**ASSIGNMENT**. A faithful copy of the data is what is wanted, minus any pictures.

◇ ◇ ◇

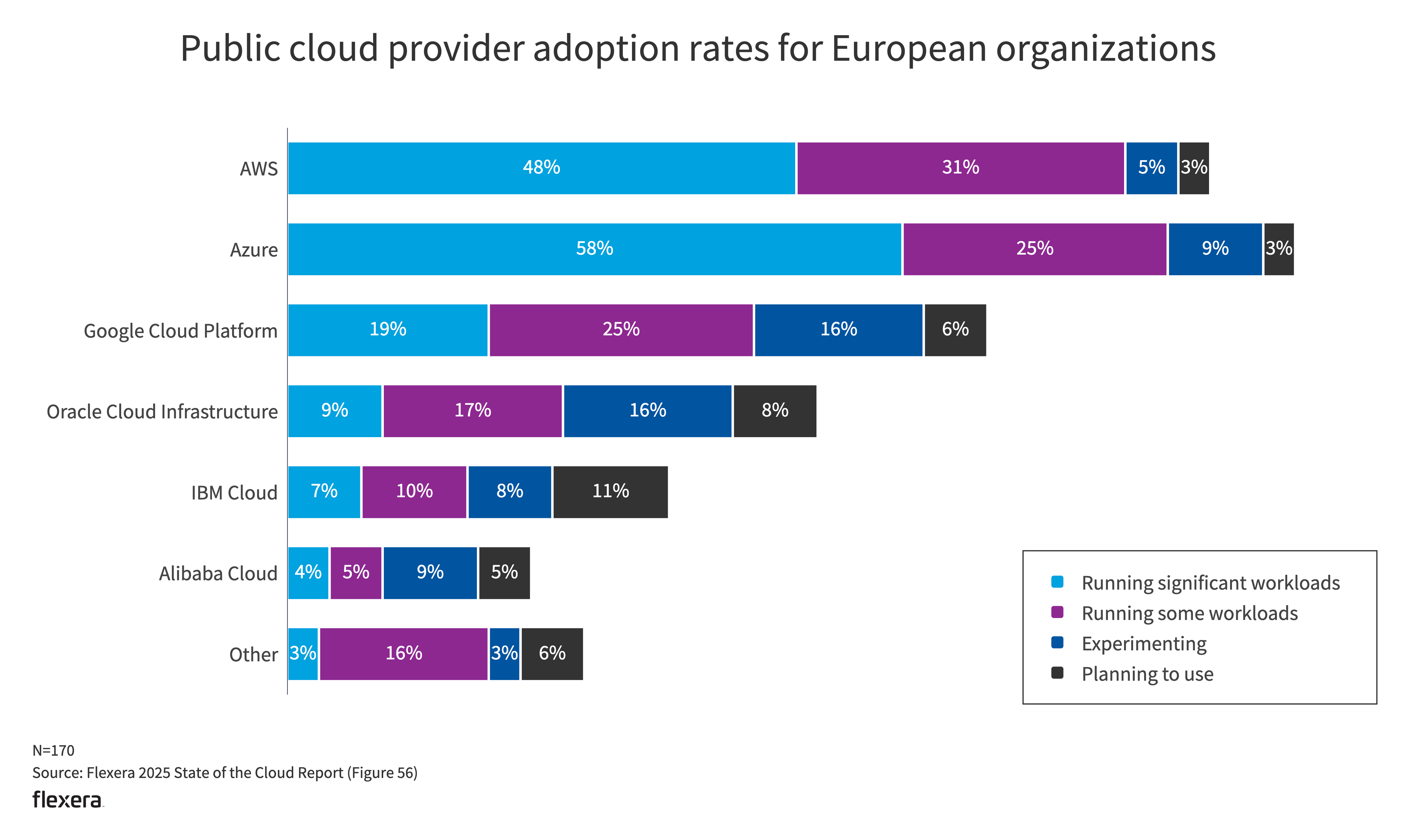 In analyzing public cloud provider adoption rates, the European results were similar to those of their global counterparts with the exception of the top two. Over half (53%) of the global respondent pool is running significant workloads in AWS, but this number falls to 48% for European respondents. Conversely, the proportion saying they run significant workloads in Azure is 12 percentage points higher for European respondents than for the global respondent pool (58% vs. 46%, respectively).
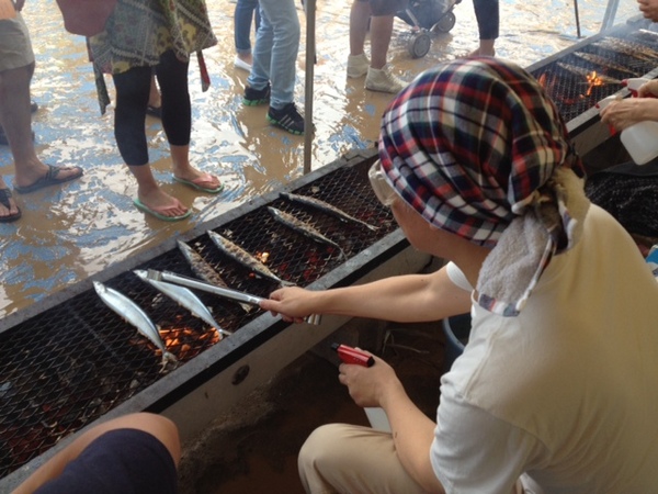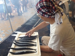 長い列に並んでくださったお客様、 お待たせしました。 さぁ、さぁ、気仙沼の 美味しいさんまをどうぞ! |
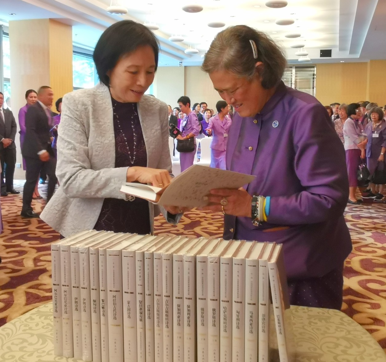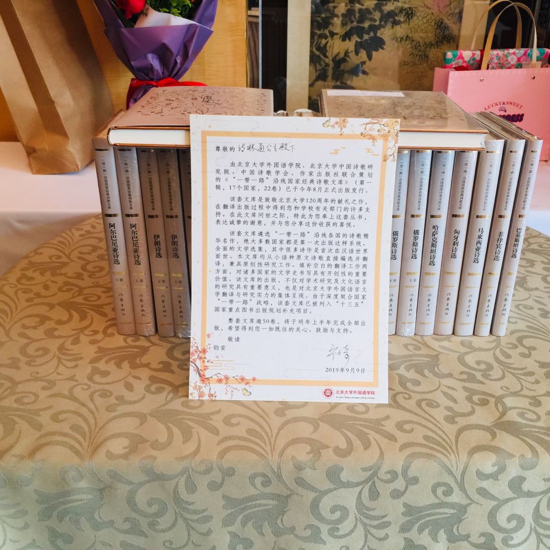 2019年9月29日下午,泰王国诗琳通公主在参加完中华人民共和国国家勋章和国家荣誉称号颁授仪式之后,前往北京丽思卡尔顿酒店宴请前任中国驻泰大使和公主的汉语教师代表。我国泰语界著名专家、翻译家、诗琳通讲席教授裴晓睿受邀参加了此次宴请活动,并作为译者之一向公主赠送了由北大新利·体育、北大中国诗歌研究院和作家出版社联合策划出版的《“一带一路”沿线国家经典诗歌文库》(第一辑)一套。
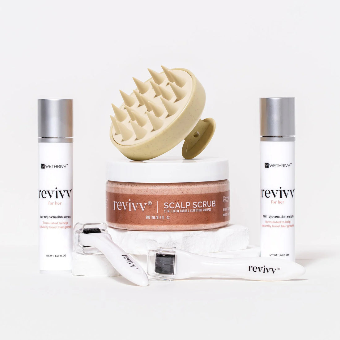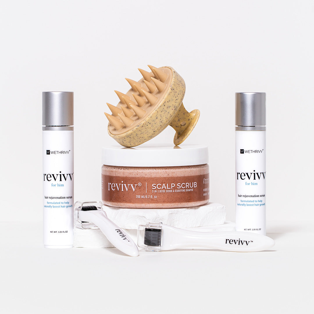 THE FOR HIM AND FOR HER REVIVV KIT IS OUR 3-STEP SOLUTION TO REGAIN CONTROL OF HAIR & SCALP HEALTH.
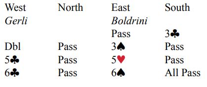 Vi tar med et spill Gerli fortalte i bulletinen. Det var et fint meldingsforløp hvor han og makkeren i den turneringen, Andrea Boldrini var helt på bølgelengde.
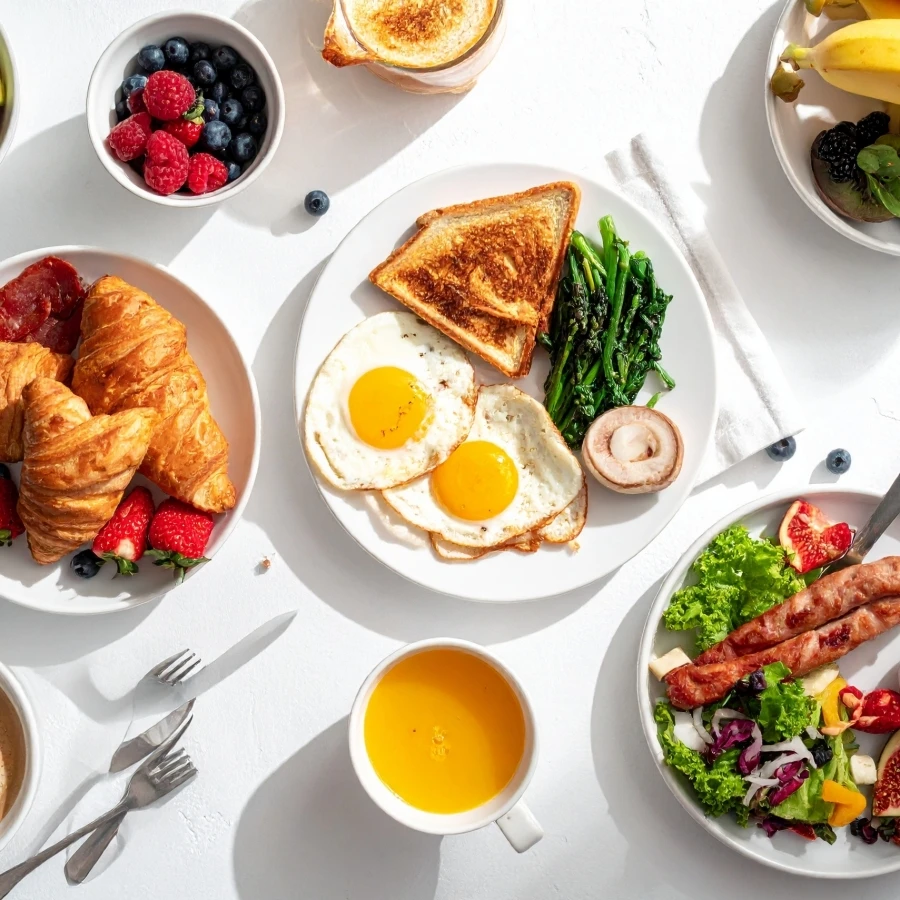 Bữa sáng: Nhất định phải ăn, ưu tiên kết hợp tinh bột và protein để kích hoạt trao đổi chất và kiểm soát cơn thèm ăn.
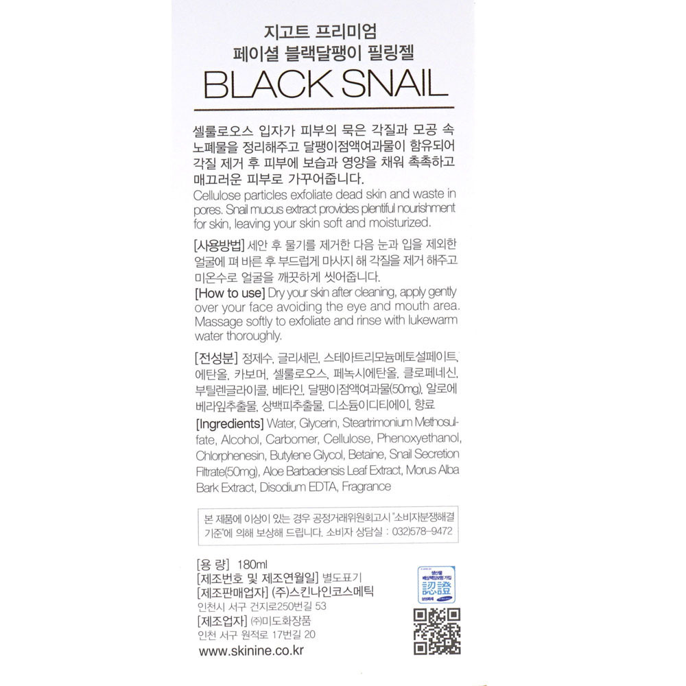 지코트 각질케어 페이셜 블랙달팽이 필링젤 180ml

◇ ◇ ◇

**SOLUTION**.
 In analyzing public cloud provider adoption rates, the European results were similar to those of their global counterparts with the exception of the top two. Over half (53%) of the global respondent pool is running significant workloads in AWS, but this number falls to 48% for European respondents. Conversely, the proportion saying they run significant workloads in Azure is 12 percentage points higher for European respondents than for the global respondent pool (58% vs. 46%, respectively).
 長い列に並んでくださったお客様、 お待たせしました。 さぁ、さぁ、気仙沼の 美味しいさんまをどうぞ! |
 2019年9月29日下午,泰王国诗琳通公主在参加完中华人民共和国国家勋章和国家荣誉称号颁授仪式之后,前往北京丽思卡尔顿酒店宴请前任中国驻泰大使和公主的汉语教师代表。我国泰语界著名专家、翻译家、诗琳通讲席教授裴晓睿受邀参加了此次宴请活动,并作为译者之一向公主赠送了由北大新利·体育、北大中国诗歌研究院和作家出版社联合策划出版的《“一带一路”沿线国家经典诗歌文库》(第一辑)一套。
 THE FOR HIM AND FOR HER REVIVV KIT IS OUR 3-STEP SOLUTION TO REGAIN CONTROL OF HAIR & SCALP HEALTH.
 Vi tar med et spill Gerli fortalte i bulletinen. Det var et fint meldingsforløp hvor han og makkeren i den turneringen, Andrea Boldrini var helt på bølgelengde.
 Bữa sáng: Nhất định phải ăn, ưu tiên kết hợp tinh bột và protein để kích hoạt trao đổi chất và kiểm soát cơn thèm ăn.
 지코트 각질케어 페이셜 블랙달팽이 필링젤 180ml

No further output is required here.